Geography
- Location: northeastern Nouakchott, Mauritania
- Coordinates: 18°6′34″N 15°57′10″W﻿ / ﻿18.10944°N 15.95278°W

Organisation
- Type: Military hospital

Services
- Beds: 100

Links
- Lists: Hospitals in Mauritania

= Military Hospital (Nouakchott) =

The Military Hospital is a hospital in northeastern Nouakchott, Mauritania. It is located to the northeast of the Ophthalmological Hospital.

==History==
In 2011, the Directorate-General of the Armed Forces Health and Security Service was created.

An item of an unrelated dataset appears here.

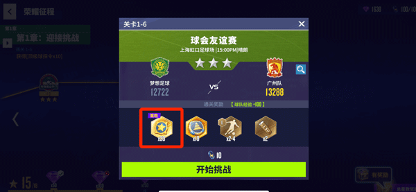 5、通过完成首次挑战的关卡,顺利过关后便可获取20声誉值。声誉值无法通过一个关卡重复获取,所以想要加快俱乐部功能解锁的小伙伴可得抓紧闯关了。
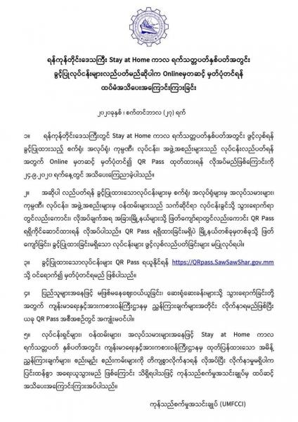 ၁။ ရန်ကုန်တိုင်းဒေသကြီးတွင် Stay at Home ကာလ ရက်သတ္တပတ်နှစ်ပတ်အတွင်း ဖွင့်လှစ်ရန် ခွင့်ပြုထားသည့် စက်ရုံ၊ အလုပ်ရုံ၊ ကုမ္ပဏီ၊ လုပ်ငန်း၊ အဖွဲ့အစည်းများသည် လုပ်ငန်းလည်ပတ်ရန် အတွက် Online မှတဆင့် မှတ်ပုံတင်၍ QR Pass ထုတ်ထားရန် လိုအပ်မည်ဖြစ်ကြောင်းကို ၂၄.၉.၂၀၂၀ ရက်နေ့တွင် အသိပေးကြေညာခဲ့ပါသည်။

The military hospital reports to this Directorate-General. It has around 100 beds at the hospital.

In October 2012 Mohamed Ould Abdel Aziz, Mauritania's president, spent eight hours in this hospital. He had been operated upon by two doctors after being shot by government troops in what was said to be an accident. He was flown to France for further treatment after his stay in the hospital.

== Departments ==

- Department of Urology
- Department cardiology
- Department of general medicine and internal medicine
- Otolaryngology
- Emergency and intensive care unit.
- medical laboratory
- Medical imaging and Radiology

== CMD ==
The chief medical director of the hospital is Pharmacist-Colonel Abdel Malek Mohamed Abdel Malek.